Activity: Would you return every line of the listing below that has "with" in it?

Source data:
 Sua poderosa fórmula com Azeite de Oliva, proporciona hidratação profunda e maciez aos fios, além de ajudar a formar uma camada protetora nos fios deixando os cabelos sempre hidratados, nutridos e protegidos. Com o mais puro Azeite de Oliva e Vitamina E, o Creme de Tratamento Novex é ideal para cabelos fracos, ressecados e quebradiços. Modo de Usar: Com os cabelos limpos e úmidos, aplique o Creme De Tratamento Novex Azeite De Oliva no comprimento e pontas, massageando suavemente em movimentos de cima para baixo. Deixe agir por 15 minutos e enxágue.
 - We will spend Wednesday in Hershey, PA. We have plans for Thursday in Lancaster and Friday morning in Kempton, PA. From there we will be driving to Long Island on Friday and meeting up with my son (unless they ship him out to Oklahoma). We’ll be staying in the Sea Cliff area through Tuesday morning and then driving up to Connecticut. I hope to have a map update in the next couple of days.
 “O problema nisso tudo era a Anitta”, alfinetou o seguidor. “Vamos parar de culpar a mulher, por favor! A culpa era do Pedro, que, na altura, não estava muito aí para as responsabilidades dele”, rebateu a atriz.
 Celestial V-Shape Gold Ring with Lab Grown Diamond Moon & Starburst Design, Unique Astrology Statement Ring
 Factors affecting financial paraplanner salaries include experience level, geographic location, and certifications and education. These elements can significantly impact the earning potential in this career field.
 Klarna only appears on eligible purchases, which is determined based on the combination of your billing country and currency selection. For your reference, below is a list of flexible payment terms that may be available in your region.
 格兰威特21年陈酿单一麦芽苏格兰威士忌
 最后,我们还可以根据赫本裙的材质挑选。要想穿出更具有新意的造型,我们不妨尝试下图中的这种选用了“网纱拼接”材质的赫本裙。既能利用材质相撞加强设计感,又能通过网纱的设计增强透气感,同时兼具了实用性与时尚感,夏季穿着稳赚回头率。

Your response:
 - We will spend Wednesday in Hershey, PA. We have plans for Thursday in Lancaster and Friday morning in Kempton, PA. From there we will be driving to Long Island on Friday and meeting up with my son (unless they ship him out to Oklahoma). We’ll be staying in the Sea Cliff area through Tuesday morning and then driving up to Connecticut. I hope to have a map update in the next couple of days.
 Celestial V-Shape Gold Ring with Lab Grown Diamond Moon & Starburst Design, Unique Astrology Statement Ring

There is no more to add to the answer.